• Assignment:
Keeping pictures out, repeat the lines of the listing below exactly, starting at its first line and finishing with the one that holds "FarmStay 76 Green".

• Provided data:
+ + +

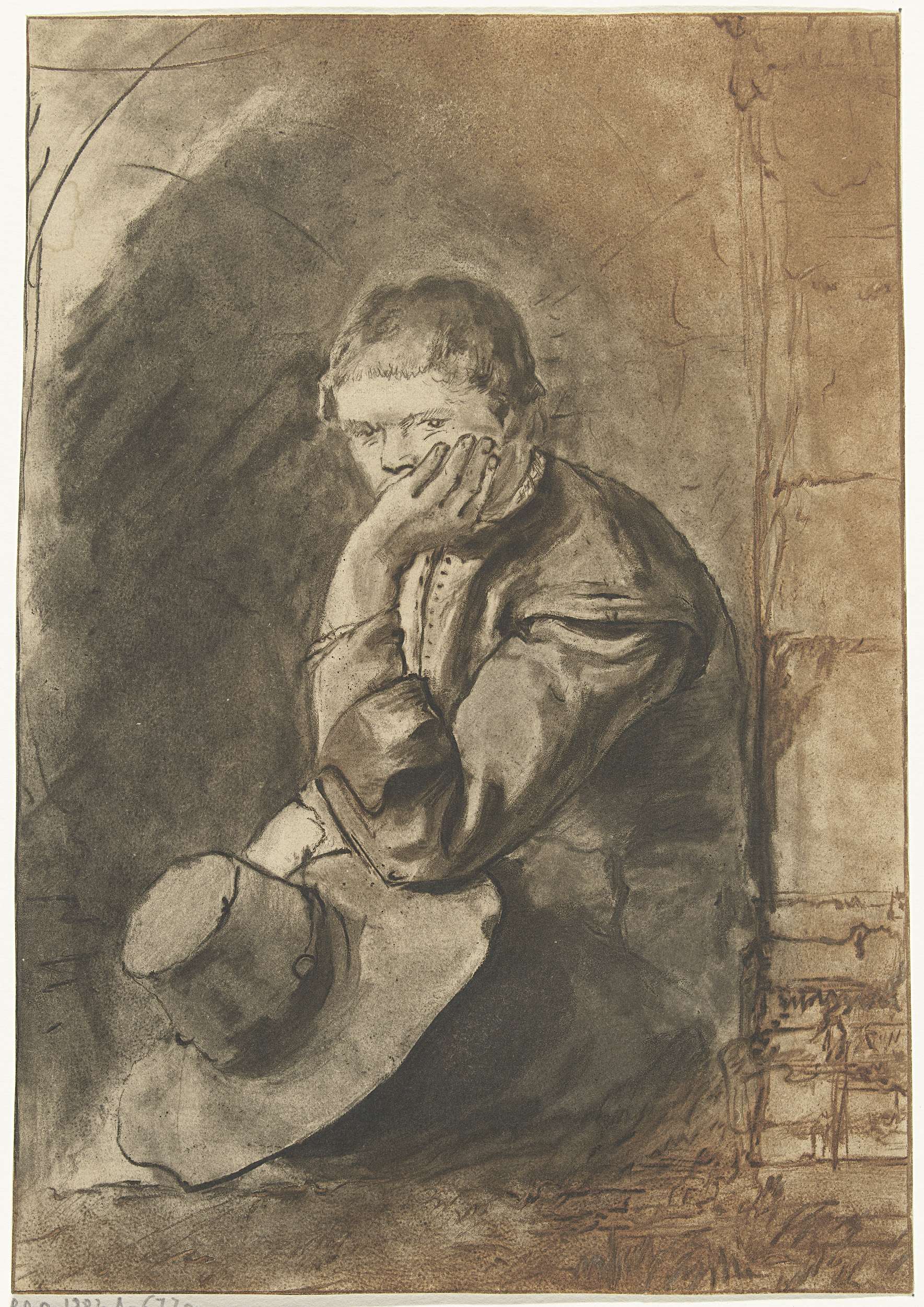 Een man zit in een nis. Met zijn ene hand ondersteunt hij zijn hoofd. In zijn andere hand houdt hij zijn hoed vast.
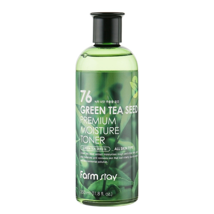 FarmStay 76 Green Tea Seed Premium Moisture Toner یک تونر مرطوب کننده با عصاره دانه چای سبز است که به آبرسانی و نرم کردن پوست خشک کمک میکند. این محصول همچنین به تعادل و بازیابی پوستی که به دلیل استرس و آلودگی محیطی دچار از دست دادن حیات شده، کمک میکند. سدیم هیالورونات و گلیسیرین موجود در این تونر دو ماده مرطوب کننده هستند که به حفظ رطوبت پوست کمک میکنند. عصاره دانه چای سبز (Camellia Sinensis Seed Extract) یک مرطوب کننده و دارای خواص ضد التهابی بالاست. عصاره رزماری (Rosmarinus Officinalis Extract) دارای خواص ضد میکروبی و مرطوب کننده است. این تونر با استفاده منظم، میتواند به بهبود بافت پوست، کاهش چین و چروکهای ریز و کاهش عمق چروکهای برجسته کمک کند و همچنین به مقابله با بروز جوشهای پوستی و جلوگیری از ایجاد جوشهای جدید کمک میکند.
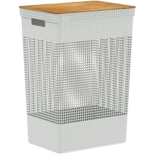 Cesto de roupas closet grid com tampa de bambu 49 litros cg 455 branco ou Cesto de roupa com tampa de bambu retangular banheiro lavanderia roupeiro organizador de brinquedos grid 49 litros A linha de cestos grid foi desenvolvida com um mix perfeito entre conforto, design e funcionalidade. Os cestos possuem diversos tamanhos, são empilháveis e versáteis. São com cores neutras e acabamento fosco, que combinam com qualquer ambiente. Podem ser utilizados em closets, cozinhas, lavanderias ou até mesmo na sala de estar para decorar. O cesto de roupas sujas grid com tampa de bambu 49 litros possui medidas de 39cm-profundidade x 29cm-largura x 55,6cm-altura e a capacidade de 49 litros. Além de possuir tampa em bambu que traz um toque a mais de sofisticação e elegância para qualquer ambiente da sua casa. Os cestos grid são perfeitos para aliar organização e decoração na sua casa Produzido de plástico 100% pós-consumo, proveniente de resíduos coletados do litoral brasileiro, com o objetivo de evitar que esse plástico chegue ao mar ou rios da região. Design minimalista, cores neutras, acabamento fosco, três elementos essenciais para a sofisticação. A linha traz diferentes tamanhos em seus produtos, adequando-se as necessidades de organização durante o dia a dia. É possível encaixar e empilhar os cestos de forma estável mesmo em tamanhos diferentes, facilitando a organização e visualização do que há dentro.
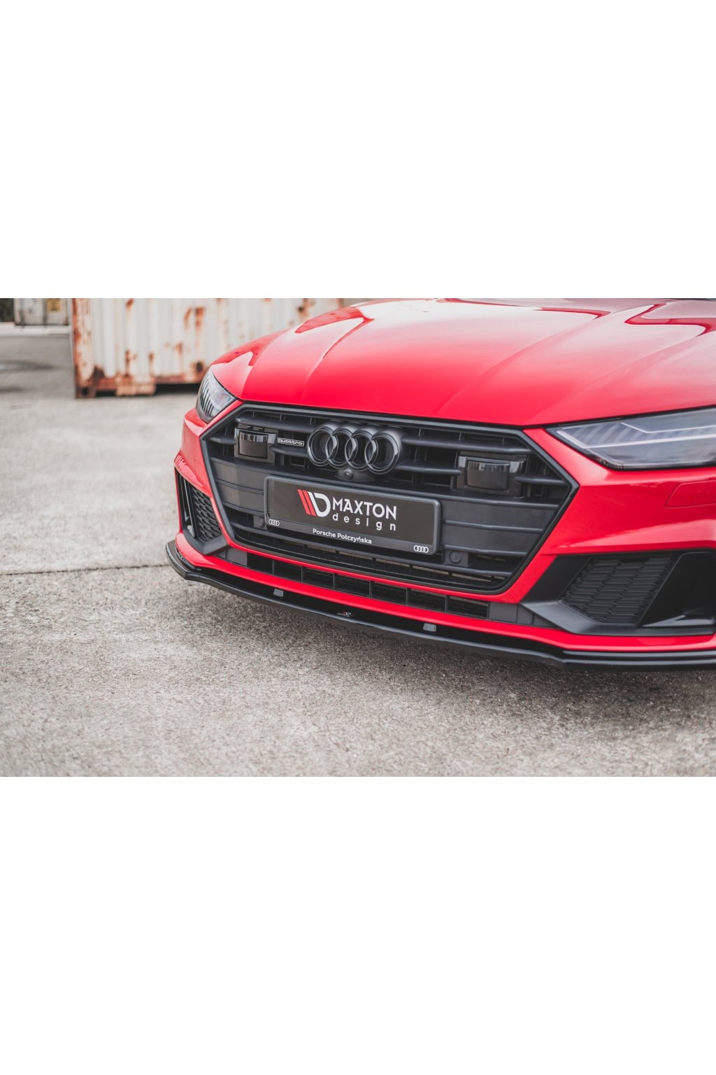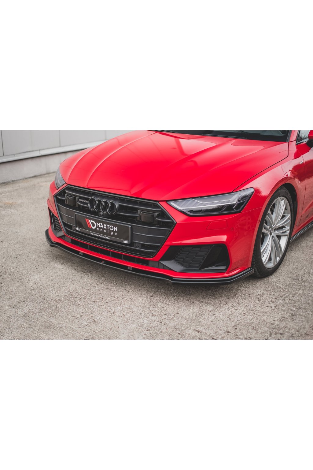 Maxton Design spoiler pod přední nárazník ver.2 pro vozidlo Audi A7 C8 S-Line . Povrchová úprava spoileru černý lesklý plast ABS.

+ + +

• Written reply:
 Een man zit in een nis. Met zijn ene hand ondersteunt hij zijn hoofd. In zijn andere hand houdt hij zijn hoed vast.
 FarmStay 76 Green Tea Seed Premium Moisture Toner یک تونر مرطوب کننده با عصاره دانه چای سبز است که به آبرسانی و نرم کردن پوست خشک کمک میکند. این محصول همچنین به تعادل و بازیابی پوستی که به دلیل استرس و آلودگی محیطی دچار از دست دادن حیات شده، کمک میکند. سدیم هیالورونات و گلیسیرین موجود در این تونر دو ماده مرطوب کننده هستند که به حفظ رطوبت پوست کمک میکنند. عصاره دانه چای سبز (Camellia Sinensis Seed Extract) یک مرطوب کننده و دارای خواص ضد التهابی بالاست. عصاره رزماری (Rosmarinus Officinalis Extract) دارای خواص ضد میکروبی و مرطوب کننده است. این تونر با استفاده منظم، میتواند به بهبود بافت پوست، کاهش چین و چروکهای ریز و کاهش عمق چروکهای برجسته کمک کند و همچنین به مقابله با بروز جوشهای پوستی و جلوگیری از ایجاد جوشهای جدید کمک میکند.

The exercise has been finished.